Kafka Serialization & Partitioning: Custom Implementation

This is article 58 in the Big Data series, focusing on serialization and partitioning in Kafka Producer sending pipeline, providing complete implementation examples for custom Serializer and Partitioner.

Message Sending Flow Review

Kafka message goes through five stages from construction to disk:

Message creation: Construct ProducerRecord with topic, optional key, body, timestamp, and headers.
Serialization: Convert key and value to byte arrays for network transmission.
Partition selection: Determine target partition based on key or strategy.
Buffer & batch transmission: Messages written to RecordAccumulator, Sender thread batch sends.
ACK confirmation: Broker persists and returns confirmation based on acks config.

This article focuses on steps 2 and 3.

Serialization

Built-in Serializers

Kafka provides common built-in implementations, configured via key.serializer / value.serializer:

Class Name	Use Case
`StringSerializer`	String messages (most common)
`ByteArraySerializer`	Raw bytes, no conversion
`IntegerSerializer`	Integer key, commonly used for partition routing
`LongSerializer`	Long integer key

Custom Serializer

When business objects need to be sent, implement org.apache.kafka.common.serialization.Serializer<T> interface:

public interface Serializer<T> extends Closeable {
    // Optional: read parameters from Producer config
    default void configure(Map<String, ?> configs, boolean isKey) {}
    // Core method: convert object to byte array
    byte[] serialize(String topic, T data);
    // Optional: serialization with Headers (Kafka 2.1+)
    default byte[] serialize(String topic, Headers headers, T data) {
        return serialize(topic, data);
    }
    default void close() {}
}

Example: User Object Serialization

public class User {
    private Integer userId;
    private String username;
    private String password;
    private Integer age;
    // getters / setters omitted
}

public class UserSerializer implements Serializer<User> {

    @Override
    public byte[] serialize(String topic, User data) {
        if (data == null) return null;

        byte[] usernameBytes = data.getUsername() != null
            ? data.getUsername().getBytes(StandardCharsets.UTF_8) : new byte[0];
        byte[] passwordBytes = data.getPassword() != null
            ? data.getPassword().getBytes(StandardCharsets.UTF_8) : new byte[0];

        // Layout: userId(4) + usernameLen(4) + username + passwordLen(4) + password + age(4)
        ByteBuffer buffer = ByteBuffer.allocate(
            4 + 4 + usernameBytes.length + 4 + passwordBytes.length + 4);

        buffer.putInt(data.getUserId());
        buffer.putInt(usernameBytes.length);
        buffer.put(usernameBytes);
        buffer.putInt(passwordBytes.length);
        buffer.put(passwordBytes);
        buffer.putInt(data.getAge());

        return buffer.array();
    }
}

Note: ByteBuffer capacity must be precisely calculated, otherwise serialization result truncates or wastes space.
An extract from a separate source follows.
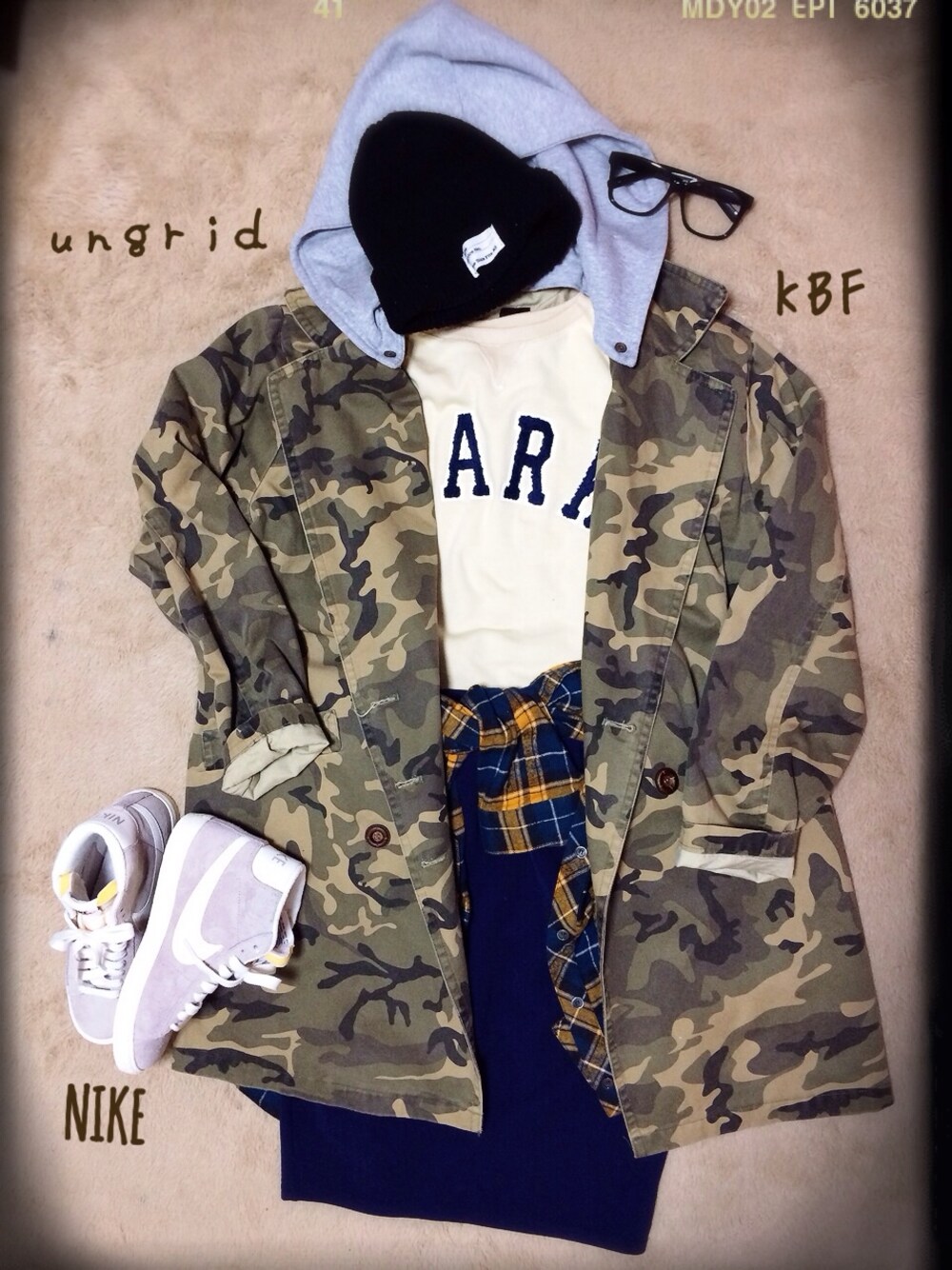 ひとつまえのコーデにカモフラのルーズコートをさらっと羽織る^ ^

Corresponding deserializer (Deserializer<User>) must parse in same field order.

Configuration:

configs.put(ProducerConfig.VALUE_SERIALIZER_CLASS_CONFIG, UserSerializer.class.getName());

Partitioning Strategy

Default Partitioning Rules

Kafka default Partitioner routes by priority:

ProducerRecord explicitly specifies partition → use directly.
Message has key → Math.abs(key.hashCode()) % partitionCount, ensures same Key messages in same partition, maintains local order.
Message has no key → Round-Robin (Sticky Partitioner, default in Kafka 2.4+), sticky to same partition until batch fills, improves batch efficiency.

Custom Partitioner

Implement org.apache.kafka.clients.producer.Partitioner interface:

public class MyPartitioner implements Partitioner {

    @Override
    public int partition(String topic, Object key, byte[] keyBytes,
                         Object value, byte[] valueBytes, Cluster cluster) {
        List<PartitionInfo> partitions = cluster.partitionsForTopic(topic);
        int numPartitions = partitions.size();

        // Example: modulo by value string length (customize by business logic)
        if (valueBytes != null) {
            return valueBytes.length % numPartitions;
        }
        return 0;
    }

    @Override
    public void configure(Map<String, ?> configs) {
        // Read custom parameters from Producer config
    }

    @Override
    public void close() {}
}

Configuration:

configs.put(ProducerConfig.PARTITIONER_CLASS_CONFIG, MyPartitioner.class.getName());

Custom Serialization + Partitioning Coordination

When specifying both custom serializer and partitioner in same Producer config, execution order:

onSend (interceptor) → serialize key/value → partition routing → write to buffer

Partitioner runs after serialization, so partition() method can access both original objects (key/value) and byte arrays (keyBytes/valueBytes), providing more flexibility.

Summary

Custom serializer suitable for transmitting complex business objects, avoids JSON serialization reflection overhead.
Custom partitioner suitable for precise message routing by business dimension (e.g., region, user type), meets data locality requirements.
Note thread safety during implementation, partition() and serialize() may be called concurrently by multiple threads.